J'accelère le pas afin d'arriver le plus vite possible à la maison, quand je me sentie tirais par les hanches vers une rues sombre et sinistre. J'hurle et j'essaie de me retrouner, assez violemment, vers mon agresseur, mais celui-ci a bien trop de force pour mon petit cabari, il m'en empêche en me plaquant contre un mur.

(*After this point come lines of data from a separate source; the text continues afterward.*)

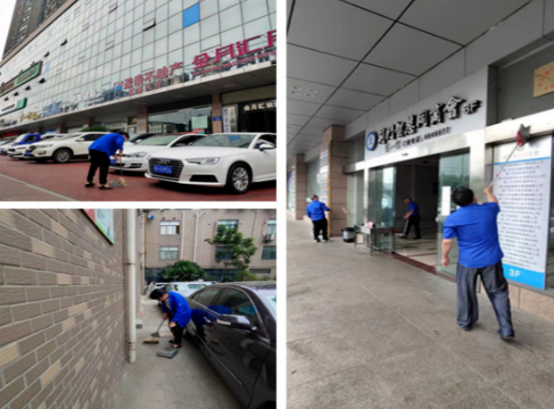 為把創(chuàng)城迎檢工作真正落實(shí)到實(shí)處,物業(yè)公司主動(dòng)作為,積極推進(jìn)。一是積極開展白色垃圾、煙頭等清理清掃工作,做到不留盲點(diǎn)、不留死角。二是重點(diǎn)整治車輛亂停亂放等突出問題,及時(shí)更換損壞老化的設(shè)施設(shè)備,加大排查安全隱患力度。三是集中修剪綠化,清理雜草枯草,確保小區(qū)環(huán)境干凈美化,及時(shí)修補(bǔ)破損路面、墻面。盡管頭頂烈日,汗如雨下,物業(yè)公司全體人員嚴(yán)格按照“八無十清理”創(chuàng)城標(biāo)準(zhǔn),堅(jiān)守一線,用汗水和熱情守護(hù)小區(qū)文明,助力創(chuàng)城達(dá)標(biāo)。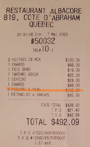 Read moreWe made a reservation to dine here based on it being billed as a seafood restaurant. The hostess seemed annoyed that we were there. The staffs annoyance with our patronage would be the theme of the night. There was actually very little seafood on the menu, so we ordered what we could. The oysters were good, but the oyster farmer and not the shucker deserve the praise for that. The surf and turf meatball was under seasoned and undercooked so that the dominant flavor was raw flour. The mussels were cooked fine, they just lacked any flavor. The tuna tataki was likewise cooked well, but without any flavor. The food was bad enough, but the servers running by to drop our food without a comment or a smile and looking at us with thinly veiled hostility was bewildering and shocking. We were on time for our reservation, spoke French (husband is fluent and I speak enough to have gotten along fine in every French speaking territory in the world) said please and thank you (my husband began chastising me for thanking the server for throwing my plate/drink/what have you at me without comment after the 10th time). We felt no rudeness in any other establishment in Quebec and cannot begin to fathom what we could have done to deserve such treatment. To add insult to injury, there were mosquitos in the dining room so we were being eaten as we were eating. The horrible service and lackluster ambiance aside, what makes this experience so annoying is that there is so much fabulous food and so many outstanding restaurants in this town, and we wasted a meal here. We could have had a great meal but instead we went...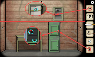 8、木柜/木桌视角:用从缝隙夹层里拿到的横置钥匙,打开木柜视角墙上的柜子,得到霉菌;用从虾里取出的竖置钥匙,打开木桌视角柜子的上柜门,获取磁铁和第二条虫子。

Me tenant d'une main la hanche et de l'autre la nuque, il me murmure d'une voix rauque et effrayante:
-Laisse toi faire poupée, on va s'amuser tu verra, son souffle alcoolisés et chaud sur ma nuque des frissons d'horreur parcouraient mon corps, mon coeur battant la chamade, mon souffle irrégulier, les mains moites, je n'arrives pas à penser à autre chose que ses mains, écoeurante soit dit-elle passant, sur mon corps. J'essaye de trouver mon téléphone afin d'appeler la police ou ma mère, mais il est trop loin, j'essaye donc de trouver un échappatoire, mais n'en trouve aucun hormis me débattre, alors je le débats et j'hurle de toutes mes forces, j'hurle à tel point que j'en ai mal aux cordes vocales.
Quand il commence à faire glisser sa mains sous mon tee-shirt je panique complètement, je ne sais pas quoi faire, je n'arrive plus à réfléchir, tout est brouillé dans mon esprit. J'hurle encore espérant qu'un inconnu vienne à mon secours, et me sorte de ce cauchemar mais je me rend vite compte que personne ne viendra et que je vais me faire violer, je le sais et quelques minutes plus tard, c'est exactement ce que ce connard fit, il me viole sans aucune raison apparentes, seulement l'ivresse et encore ce n'est pas une excuse. Une fois qu'il finit "son affaire", il parti sans aucun remord, aucune pitié, même pas un regard, rien, il me laissa, là, seule et détruite au milieu d'une rue qui paraissait banal, mais qui ne l'ai plus. Glissant contre se mur, je me demande si je vais réussir à m'en sortir, je n'ai même pas pu voir son visage.»